In 1933, Tuttle became the New York state engineer of the Federal Emergency Administration of Public Works (PWA), and from 1936 to 1937, he served as the New York State director of the PWA. Major projects launched during this period where Tuttle served as a project engineer included the Lincoln Tunnel, Queens–Midtown Tunnel, and Triborough Bridge. From 1937 to 1941, he served as a consulting engineer to the Works Progress Administration (WPA), after which he served as the director of the New York City Federal Public Works Reserve from 1941 to 1942.

In 1942, Tuttle was awarded with an honorary Doctor of Engineering degree from Rensselaer Polytechnic Institute. That same year, he entered into a partnership with structural engineer Elwyn Seelye, mechanical engineer Clyde R. Place and architect Antonin Raymond. The firm of Tuttle, Seelye, Place & Raymond had a staff of 80 employees and prepared construction plans for military and naval installations during World War II, including barracks and staging facilities at Camp Kilmer in New Jersey and Camp Shanks in New York and an airport and housing at Fort Dix in New Jersey. The partnership was dissolved in 1945 after the end of the war. Tuttle then became chairman of the board of the Haller Testing Laboratories, remaining in the role until his death; the firm was involved with testing of materials for the construction of the headquarters of the United Nations.

==Professional societies==
Tuttle served as president of the American Society of Civil Engineers, Municipal Club of Brooklyn, and Municipal Engineers of the City of New York.

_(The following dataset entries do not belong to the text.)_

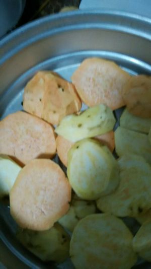 地瓜切大片摆在笼屉里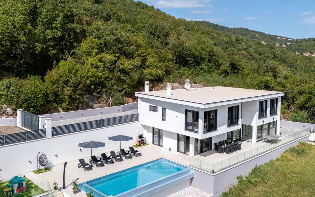 An einer etwas höher gelegenen Stelle, inmitten der malerischen und grünen Wälder, mit Blick auf das glitzernde Adriatische Meer und die charmante Küstenortschaft Opatija und 5km vom nächsten Strand entfernt, steht das Ferienhaus Opatija Sky. Ein prächtiges, modernes Ferienhaus mit 4 Stockwerken, in dem man einen traumhaften Urlaub in Kroatien verbringen kann. Alle wesentlichen Einrichtungen, die man braucht, sind nur einen kurzen Fußweg entfernt, die Bushaltestelle ist 900m entfernt, man hat die schönsten Ausblicke aufs Meer, es gibt Naturpfade, wo man spazieren und so richtig in die natürliche Schönheit eintauchen kann, einen privaten Swimming-Pool und herrliche Wohnbereiche - diese prächtige Unterkunft hat alles, was man sich wünschen könnte. Mit Platz für insgesamt 10 Gäste in 4 Schlafzimmern ist dieses große Ferienhaus der perfekte Stützpunkt an der Küste von Kroatien in der Region Primorje-Gorski Kotar.
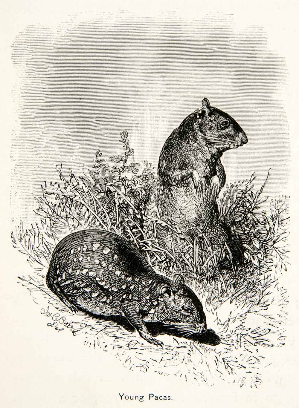 1879 Wood Engraving Nocturnal Paca Wild Animals Brazilian Wildlife XGNB4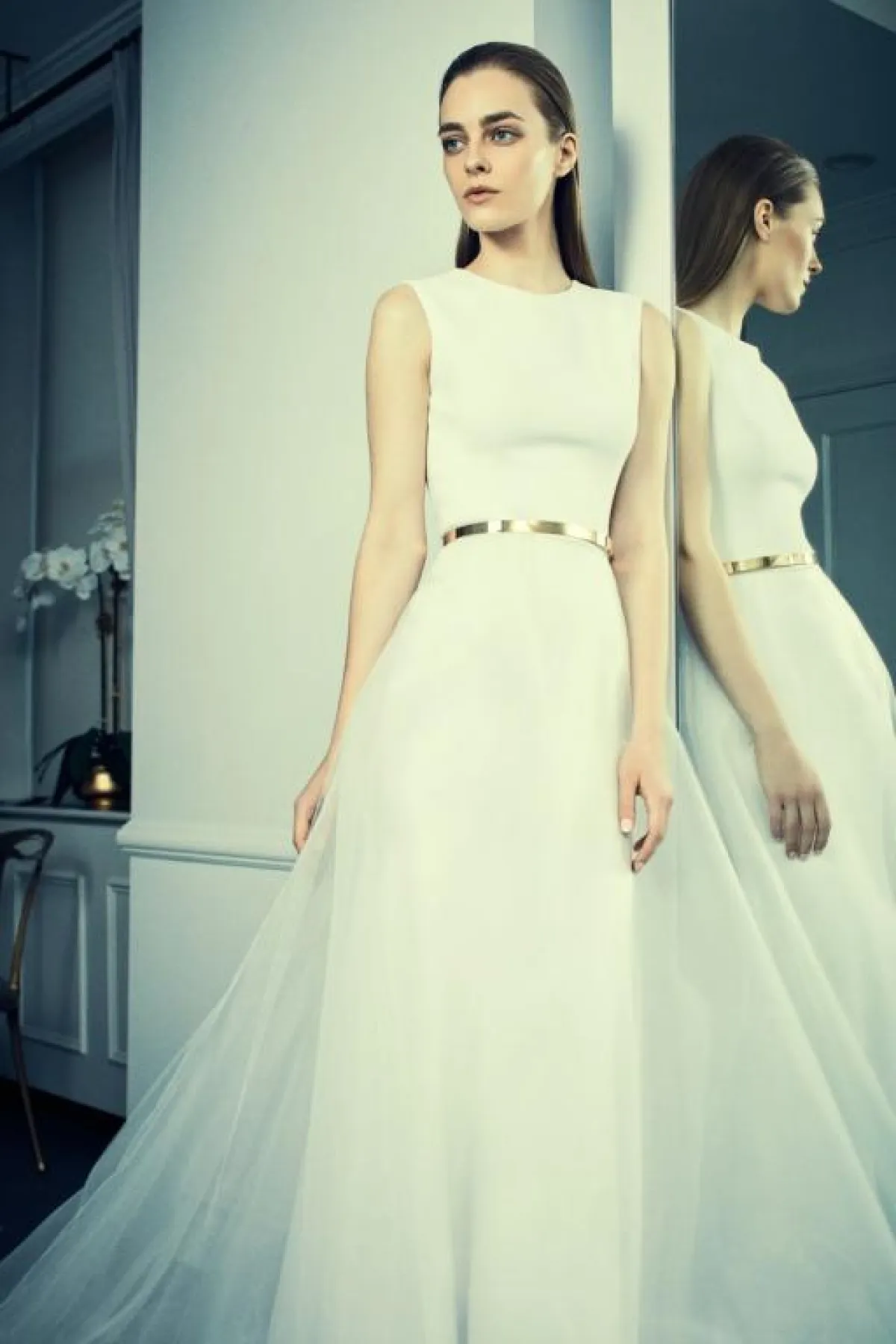 وللعروس التي تبحث عن فستان زفاف ناعم وراقٍ في الوقت نفسه، نرشح لكِ تصميم الـA Line بالتنورة الواسعة قليلاً، مثل فساتين زفاف Casablanca، جيني باكهام Jenny Packham، ماركيزا Marchesa، وثيا Theia.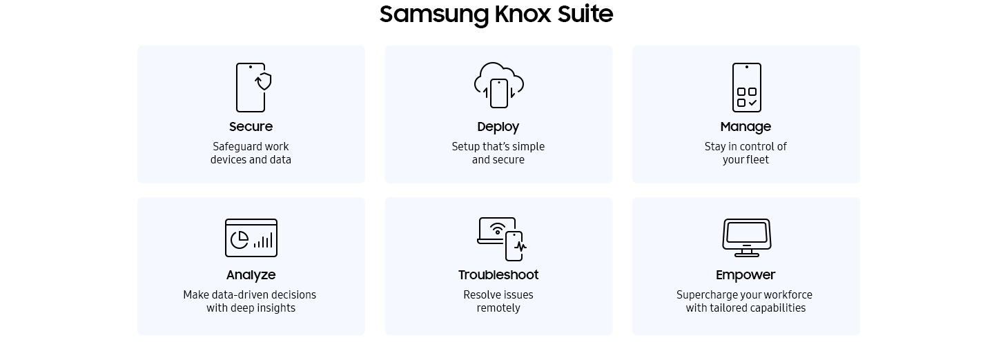 With a single bundle that simplifies complex admin tasks, Knox Sure ensures everyone can get on with their work securely and efficiently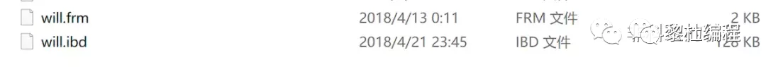在InnoDB中,数据和索引文件是合起来储存的,如图所示,InnoDB 的存储文件有两个,后缀名分别是 .frm 和 .idb,其中 .frm 是表的定义文件,而 idb 是数据文件。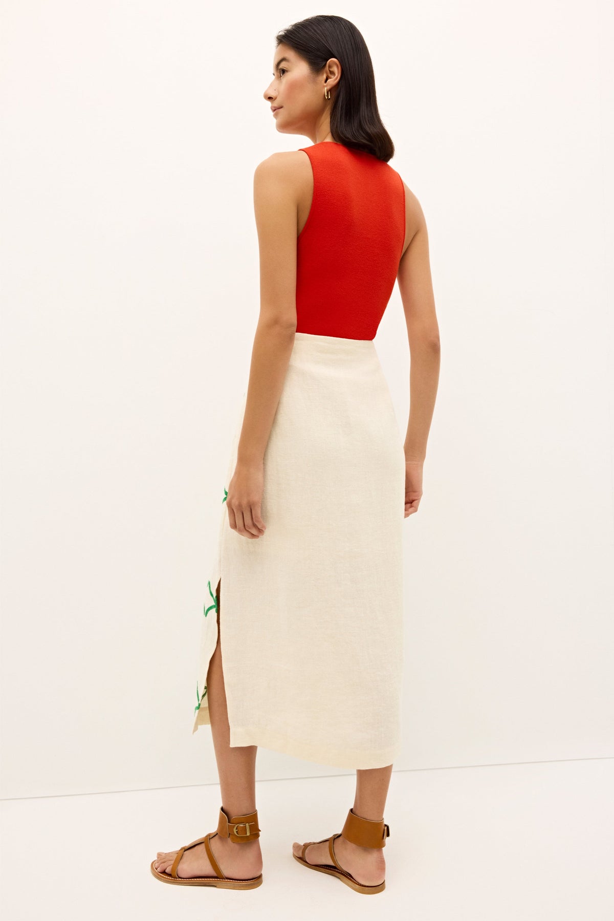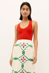 Empowering women through vivid hues and the joy of style, Sarah Doggett Evenson uses her archive of artistic prints, fine fabrics, and flattering silhouettes to make each Marie Oliver piece instantly uplifting. A wardrobe workhorse, the Miranda Tank in Canyon is a seasonal essential. Featuring clean lines and a soft, figure-hugging ribbed knit fabric, this chic basic is designed to tuck neatly into shorts and skirts.

He was also a member of the American Institute of Consulting Engineers, American Water Works Association, Regional Plan Association, and the United Engineering Trustees.

==Personal life and death==
Smith married Helen Aldridge Smith on June 1, 1892 in Brooklyn. The couple had three children—one daughter and two sons. His family resided in Brooklyn also had a home in Stony Brook on Long Island, where Tuttle was a member of the nearby St. George's Golf and Country Club in East Setauket. He served as president of the Pleiades Club and was a member of the Cosmos Club.

Tuttle died on May 19, 1949 at Brooklyn Hospital. His funeral was held at the St. Ann's Protestant Episcopal Church in Brooklyn. Tuttle was buried in the churchyard of the Caroline Protestant Episcopal Church in Setauket, near his other home in Stony Brook.